How long do analyses take to run in EnteroBase?¶
We are currently running analyses on a HPC cluster hosted by University of Warwick, as well as two local standalone servers.
The waiting time for a new analysis depends on its priority and also the number of tasks in the waiting list. When an analysis starts to run, the timing is about:
- Assembly: 0.5 - 3 hours depending on read depths.
- Genotyping: 1 - 2 minutes.
- Minimum spanning tree: 1 - 2 minutes.
- SNP analysis: depends on the number of strains included. Normally 1-2 hours for < 100 genomes.

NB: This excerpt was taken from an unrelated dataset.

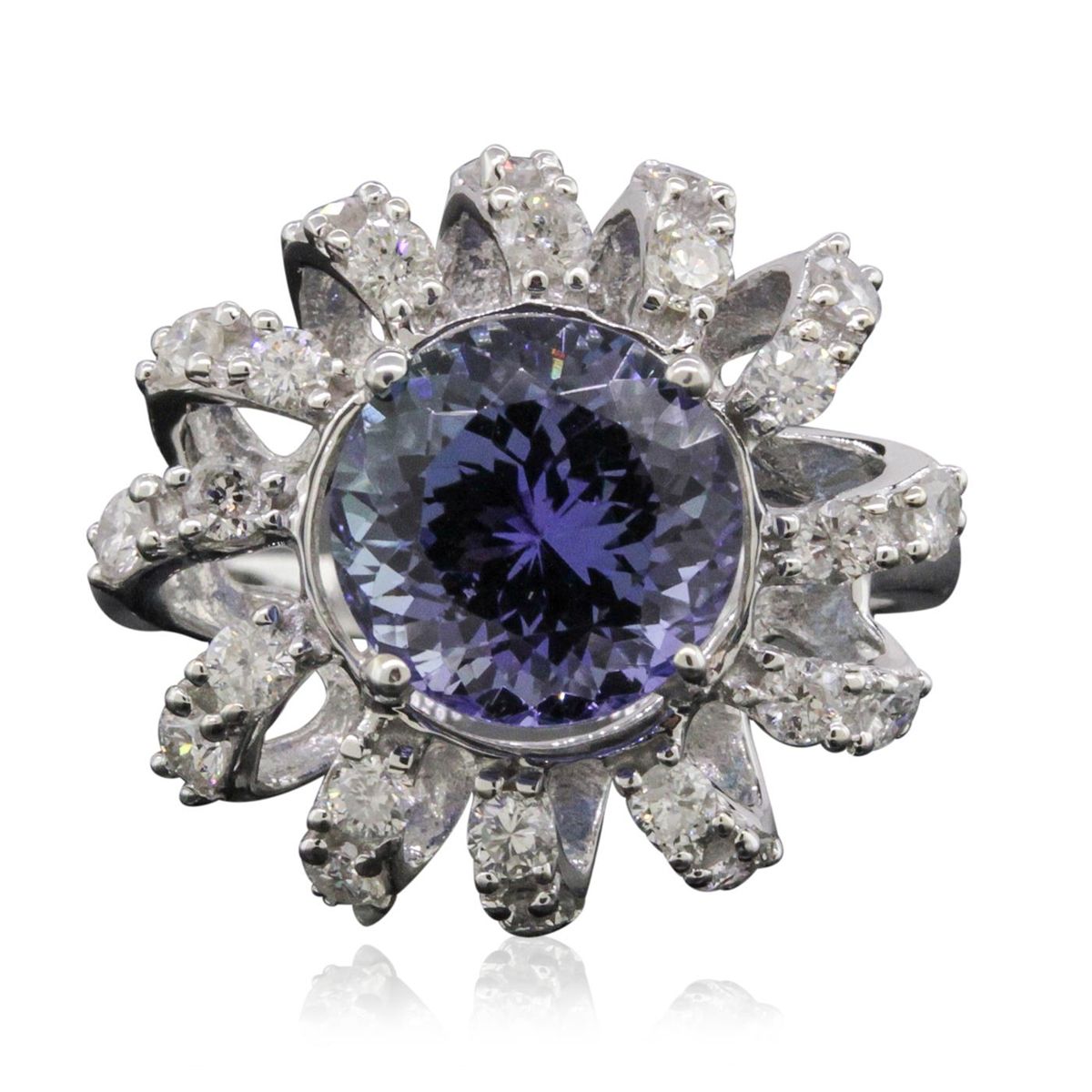 One electronically tested 14KT white gold ladies combination cast & assembled tanzanite and diamond ring with a flat shank with a bright polish finish. Identified with markings of "14K". Condition is new. Containing: One prong set round modified brilliant cut natural tanzanite, measuring 9.17 - 9.16 x 5.96 mm, approximate weight of 3.36ct., clarity is eye clean, type I, medium, very slightly grayish, violet color, (GIA V 5/3), cut is good. Twenty-Four prong set round brilliant cut diamonds, measuring 1.90 - 1.80 x 1.11mm (depth est.) approximate total weight of 24 Stones = 0.55ct. Clarity: SI-1 to I-1. Color: I - J, Cut is Good. Colored gemstones are presumed to have been subjected to commonly used enhancement processes. All diamonds and colored gemstones are graded in the mounting, unless otherwise stated. Total Weight of Colored Stones 3.36ct. Total Weight of Diamonds 0.55ct. Total Weight of Ring 4.70 grams. GGL Appraised at $7,970.00.

- Assigning a new ST after uploading data for a new strain: where required, this consists of carrying out an assembly and genotyping and takes about 0.5 - 3 hours.
I’m worried about our data going public (and being scooped), How does EnteroBase protect me?¶
Your short reads will never be published anywhere, unless you ask us to upload them into EBI/NCBI for you. The genomic assemblies of your strains can be kept private for up to 12 months. Other data, including genotyping results and metadata, will be released immediately. This is to facilitate collaborations between our users and early identification of outbreaks.
What do negative ST values mean for MLST?¶
They represent genomes with incomplete genes. If any of the genes used is missing or truncated in the assembly, the genome cannot be given a formal (positive) ST designation. In such cases, we use the temporary (negative) number as its ST designation. This is normally an indication of bad genomic assemblies but not always be the case. (See the question and answer below for rMLST.)
What do negative rST values mean for rMLST?¶
These negative numbers came from two different cases. They can be either:
- Newly identified rST in EnteroBase, which have not been manually confirmed by the curator of rmlst.org (the only server that gives out rST numbers),
- Genomes with incomplete ribosomal genes. If any of the 51 ribosomal genes used in rMLST is missing or truncated in the assembly, rmlst.org is not able to give the genome a formal (positive) rST designation. In such cases, we use the temporary (negative) number as its rST designation. This is normally an indication of bad genomic assemblies but not always be the case.